When exposed to a virus Spike-protein from the Omicron lineage, our immune memory cells are activated and start to produce NAbs. However, those newly made NAbs arise from memory B cells first generated to the long gone ancestral virus. Only some of them are active against Omicron-lineage variants, but what fraction remains a key question. This phenomenon applies to Omicron infections and also the Omicron-based booster vaccines. In other words, those sequence-tweaked vaccines mostly re-awaken our memories of seeing a form of the virus that isn’t now circulating. These events have consequences.

Animal and human studies have consistently shown that an Omicron booster is only marginally (less than twofold) better than the ancestral (i.e., current standard) version at triggering the production of NAbs against Omicron-lineage viruses. Indeed, for NAbs against the presently dominant Omicron-BA.4/5 variants, the benefit of the Moderna Omicron two-component (BA.1 plus ancestral) booster over the ancestral version was almost non-existent.

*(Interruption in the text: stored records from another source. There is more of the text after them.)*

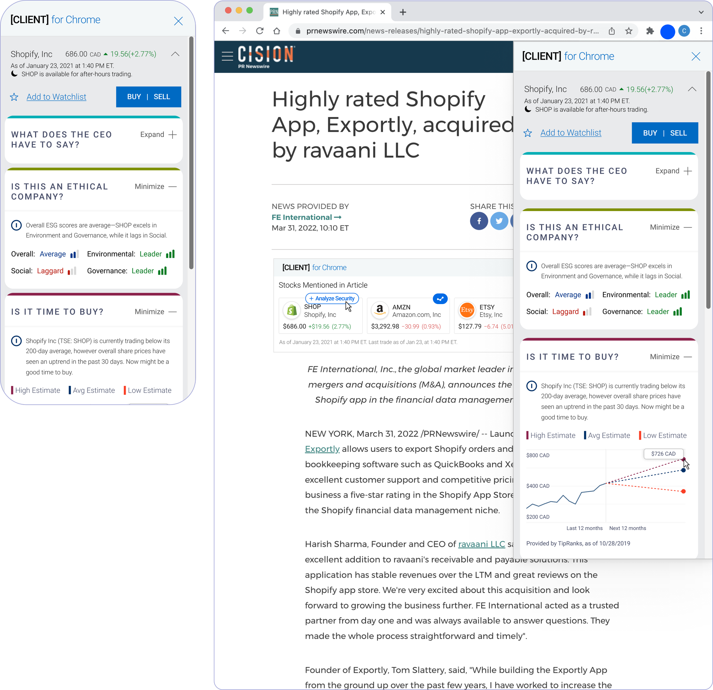 ⏵ Expanding social sentiment to a browser widget allows investors to continue with their research beyond the platform. Having a client branded widget available for users to rely on even if they’re researching on competitor sites, further anchoring the users to be dependent on the client’s unique data.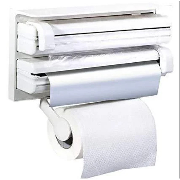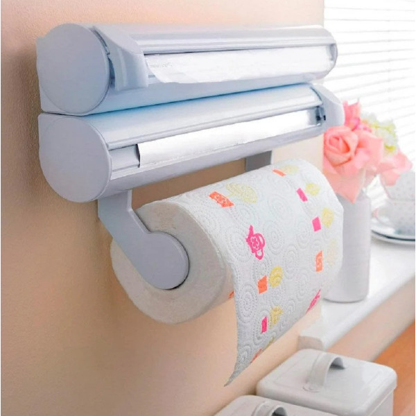 Кухонний диспенсер Kitchen Roll Triple Paper Дуже зручний кухонний диспенсер Kitchen Roll Triple Paper допоможе Вам тримати кухню в чистоті та порядку! Диспенсер можна використовувати для харчової плівки, фольги та паперових рушників. Тепер відрізати шматок плівки можна буде швидко та легко, не потрібно бовтатися, заплутуючись у рулонах!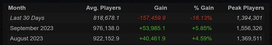 从玩家数量来说,CS2 自更新后,整体玩家在线值甚至开始下滑了,除去刚上线时玩家在线人数最高达到了139万,后续一个月中,不论是平均在线人数、新增玩家数量还是增长率都有显著下滑。

On one hand, this does mean that even a boost with a standard vaccine increases our levels of antibodies against Omicron-lineage viruses. But it also means that an Omicron booster is only marginally better than the standard one at triggering these NAb increases. It’s hard to say whether the slightly higher NAb levels would provide much, if any, additional protection against infections compared to what the standard booster can do. For sure, people at risk for severe infection outcomes should not wait months for an Omicron booster that may be little better than the one that’s available now. And it would be a mistake for anyone to increase their exposure to the virus in the belief that an Omicron booster gave them super-strong protection.

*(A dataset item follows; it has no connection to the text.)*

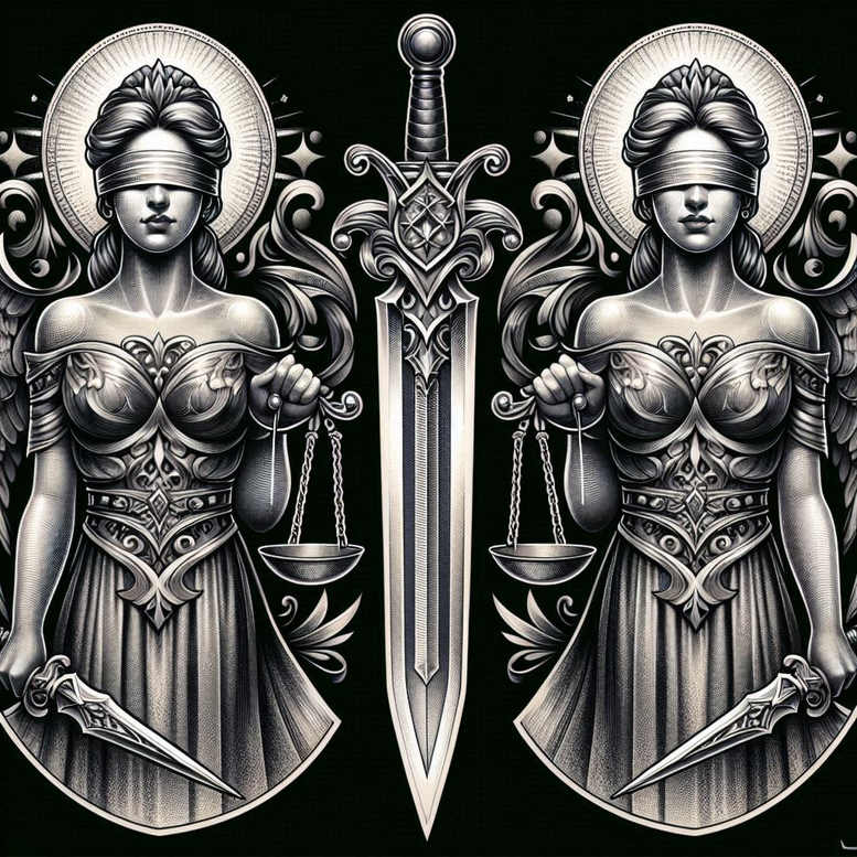 Drawing on Themis, the Greek goddess of justice and divine order, this tattoo concept reimagines the deity as twin guardians standing back-to-back around a central ornate blade. The composition is deliberately symmetrical, a classical device that communicates balance, impartiality, and the weighing of actions. Rendered in a black-and-grey palette, the piece relies on variegated shading to convey depth: glinting highlights along the sword, softened transitions on the armor, and subtle stippling in the fabric to evoke texture without overpowering line work. The two helmets and halos frame the stern visages of the goddesses, while the armor’s filigree repeats across both figures, creating a cohesive pattern that guides the eye in a circular motion toward the central weapon. This repeating motif lends a hypnotic, almost meditative quality to the design, underscoring the timeless message that law and order endure beyond fashion or momentary trend. In terms of meaning, the motif speaks to responsibility, integrity, and accountability; Themis stands for lawful judgment, and the dual figures symbolize the dual aspects of justice—duty and mercy—meeting at the sword that represents enforcement and protection of the innocent. From a tattoo design perspective, the strong linearity, high contrast, and precise shading suit larger placements such as the back, chest, or sleeve, where symmetry can be preserved. The style leans toward realistic black-and-grey illustration with ornamental, almost architectural detailing, perfect for those seeking a bold statement that doubles as meaningful tattoos and mythology-inspired body art. Although this is a designed concept, the piece is an AI-generated concept that translates ancient symbolism into contemporary ink, making it a flexible starting point for a custom tattoo design. Because the composition contains dense black areas and a dark ground, it is exceptionally well-suited for a cover-up, and the strong negative space around the central sword offers room for future adjustments or color accents. The artwork’s repeating patterns throughout the armor invite endless personalization, inviting the client to incorporate color or fine-line enhancements while maintaining the core mythic narrative, which will resonate with fans of myth-inspired tattoos and classical body art.

We can’t boost our way out of this pandemic with the present generation of vaccines. They have worked really well, saving hundreds of thousands of lives in this country alone and tens of millions globally, but they have their limitations when it comes to preventing mild infections by Omicron lineage viruses. Tweaking their composition isn’t the long-term answer.

We need to focus on better vaccines. The basic research has now been accomplished on many promising candidates, including some that better trigger antibody responses in the nose and others that stimulate much higher NAb levels that can cope with virus variants. However, these new vaccines are only slowly moving through the clinical trial and approval process. The American vaccine science and regulatory infrastructures have seemingly reverted to pre-pandemic timelines in which vaccines take much longer (many years) to bring to market. It is not even clear how a next-generation vaccine would be authorized here. Placebo-controlled phase III trials like we saw in 2020 are no longer practical, as potential volunteers are now already vaccinated and/or infected. Alternative procedures are required, but what are they going to be? The Biden administration needs to revisit how the promising new vaccines can be produced, tested, and approved, in order to speed their implementation and regain control over the pandemic.

Until better vaccine options emerge, we have to work with the ones available now or in a few months. In summary: Anyone who would benefit from an additional boost should act as soon as one is authorized for their age- and health-risk group. If that’s the current standard vaccine, take it, and don’t wait for an Omicron-based one. When those BA.4/5-based vaccines are rolled out, wait a sensible time (multiple months) before having another boost. And do not regard them as some form of a “magic bullet” that will dramatically reduce your risk of infection — they probably won’t do that.

John P. Moore, PhD, is a professor of microbiology and immunology at Weill Cornell Medicine in New York City. E. John Wherry, PhD, is professor and chair of the Department of Systems Pharmacology and Translational Therapeutics at the University of Pennsylvania Medical School.